Exercise instructions: In the data below, find the line containing "PENDANT (P-398-S-L) ¥14,800"; transcribe it and each line after it exactly, through the last, skipping pictures.

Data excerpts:
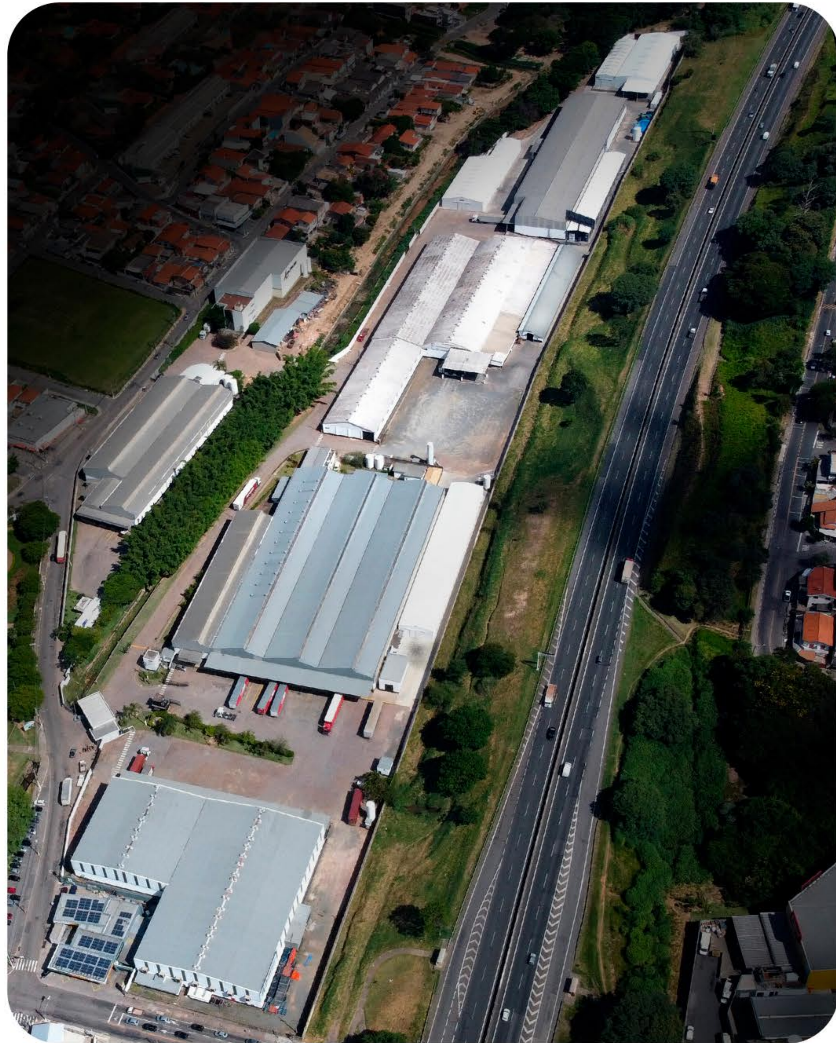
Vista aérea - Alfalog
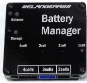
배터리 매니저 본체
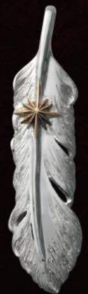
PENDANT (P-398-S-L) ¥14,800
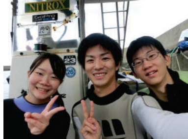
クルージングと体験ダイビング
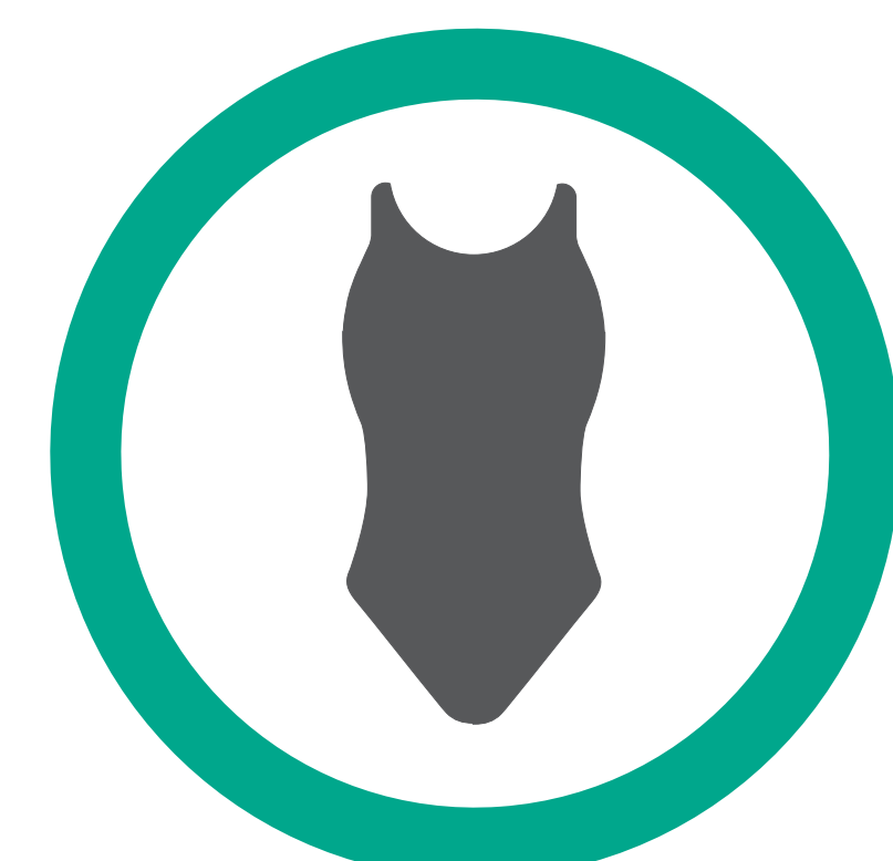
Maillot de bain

Exercise result:
PENDANT (P-398-S-L) ¥14,800
クルージングと体験ダイビング
Maillot de bain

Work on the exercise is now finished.